Ora, io mi trovo qui a cercare materiale per parlare di questo mese ai due minorenni della famiglia. E quando penso a loro, penso davvero ad entrambi, in modo diverso. Il Sig. Tenace, da maschio, deve imparare a lasciare lo spazio, a capire il suo privilegio, a non diventare né paternalistico né oppressore. La SignoRina deve capire su quali spalle possenti di donne poggia per fare i passi avanti nella lotta per una vera emancipazione femminile.

Cerca e ricerca, ho trovato una serie di bei libri per bambini in inglese, ma io vorrei tanto far loro conoscere le donne italiane, quelle che hanno dato un contributo speciale. Così stamattina, in preda alla sindrome premestruale che a me fa venire degli sbalzi di umore pseudomaniacale, ho pensato di far loro un libro* con semplici foto e citazioni delle donne italiane che per me sono significative.
Nell'elenco per ora ci ho messo le seguenti (ripeto, è assolutamente personale, voglio che mi brillino gli occhi mentre lo sfogliamo insieme):

Margherita Hack. Non solo per la scienza, ma anche per l'ironia.

Igiaba Scego. Ammirazione profonda.

Anna Magnani (ma quanto è tremendamente bella!?)

Samantha Cristoforetti. Non so perché ma mi mette in soggezione.
Forse per tutto quello che sa e per l'umiltà con cui lo sa.

Simonetta Agnello Hornby. Avvocato, madre, scrittrice.
(fimmina sicula, eccerto, la più affine)

Tina Anselmi. Devo dire altro?

Elena Cattaneo. Poche parole, molti fatti.

Alda Merini. Anche con la sigaretta.

Carmen Consoli. Poteva forse mancare?!

Rita Levi Montalcini, prima della pettinatura a schiaffo e con il sorriso.


Voi chi aggiungereste? Datemi spunti! Ho come l'impressione di aver dimenticato qualcuna di importante...Soprattutto tra le giovani!



*il libro viene stampato online come gli album di foto, solo che anziché metterci le foto dei bambini ci metto queste.

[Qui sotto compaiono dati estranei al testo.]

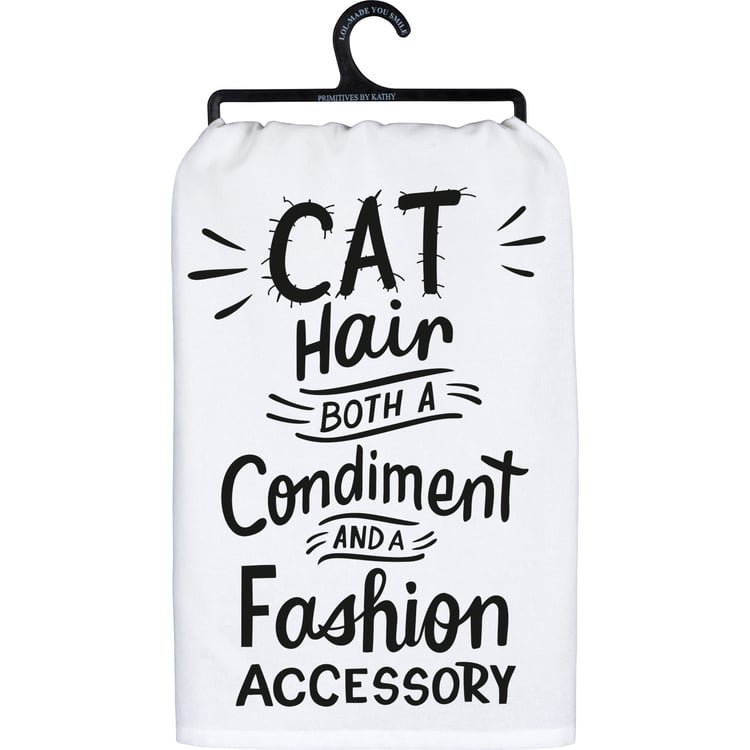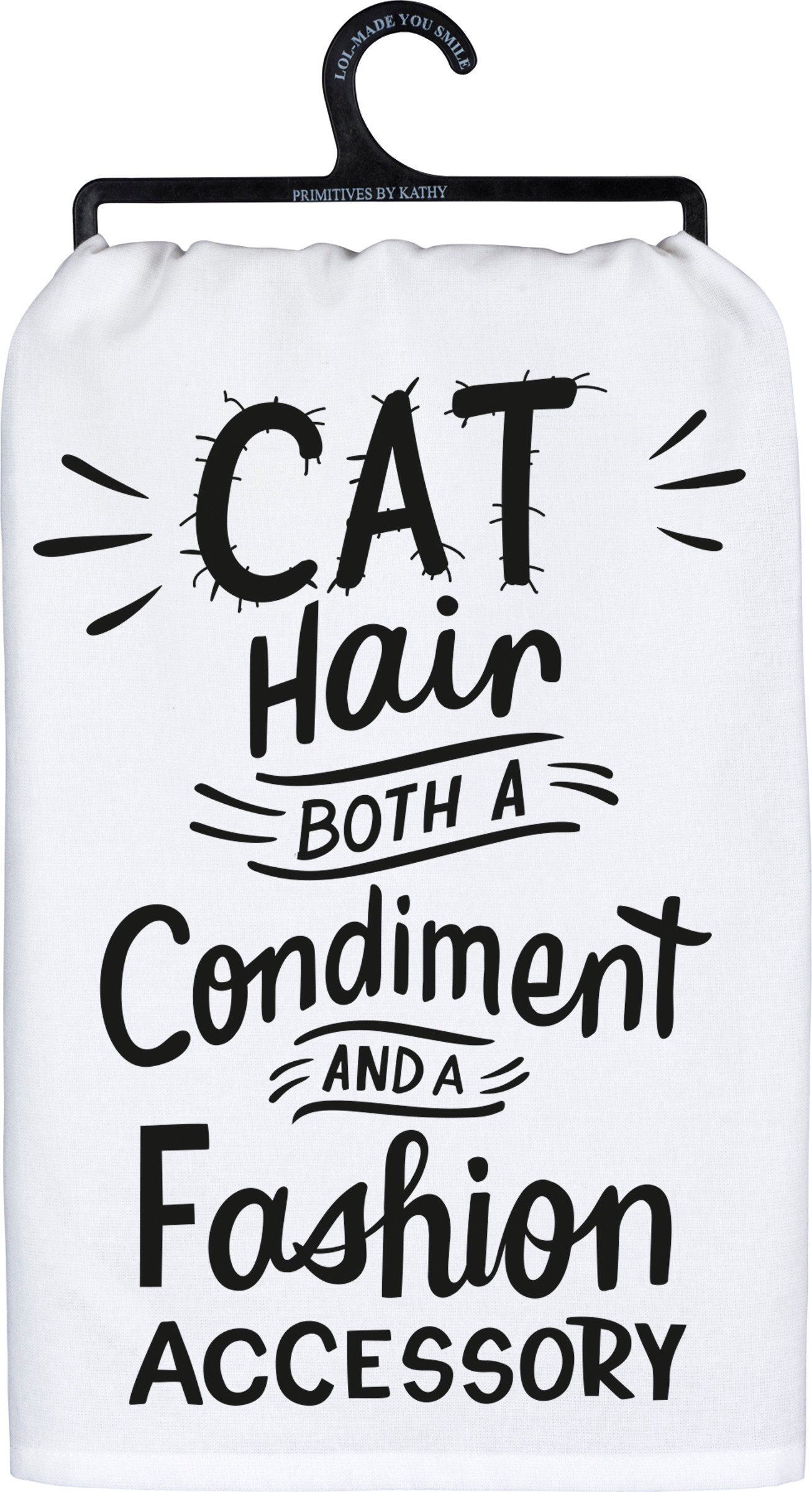 A black and white cotton kitchen towel featuring a humorous "Cat Hair Both A Condiment And A Fashion Accessory" sentiment. Machine-washable.

Tuesday, February 11, 2020

Ciliegie allo specchio

Che Amanda sapesse scrivere lo sapevo già. 
Quel che in lei però sorprende sempre è come riesca a creare una tale connessione tra immagini e parole: non so mai cosa venga prima, se un'illustrazione, un dipinto, una foto che l'hanno ispirata o il testo che lei compone. Sono racconti o sono quadri? La straordinarietà di Amanda è che arrivi alla fine e la risposta non ce l'hai.


Alieni allo specchio: Umanità confusa (Italian Edition) par [Bonaconsa, Amanda]


Ho letto finalmente il suo libro, Alieni allo specchio.
Letto non è la parola giusta perché l'ho divorato in due sere. Il Teodolindo mi passava la mano davanti agli occhi, pensando che mi fossi addormentata: "Ma non è possibile che tu stia ancora leggendo! Guarda che tra due ore quella là si sveglia (la SignoRina, ndR)!".
Ma come fai a mettere giù i racconti di Amanda?! Non puoi.

Alcuni mi hanno trafitto il cuore, e li ho riletti due volte. Altri mi facevano venire voglia di saltare righe per vedere come andavano a finire.

In conclusione, questa raccolta di racconti ha un unico difetto: il titolo. Altro che Alieni! Avrebbe dovuto chiamarsi Ciliegie allo specchio, perché uno tira l'altro e arrivi alla fine del cestino e non ne ce ne sono più e aspetti solo che l'albero faccia nuovi frutti.

Le temps des cerises di Elisabeth Davy-Bouttier.
E vediamo se Amanda scrive un racconto anche su questo.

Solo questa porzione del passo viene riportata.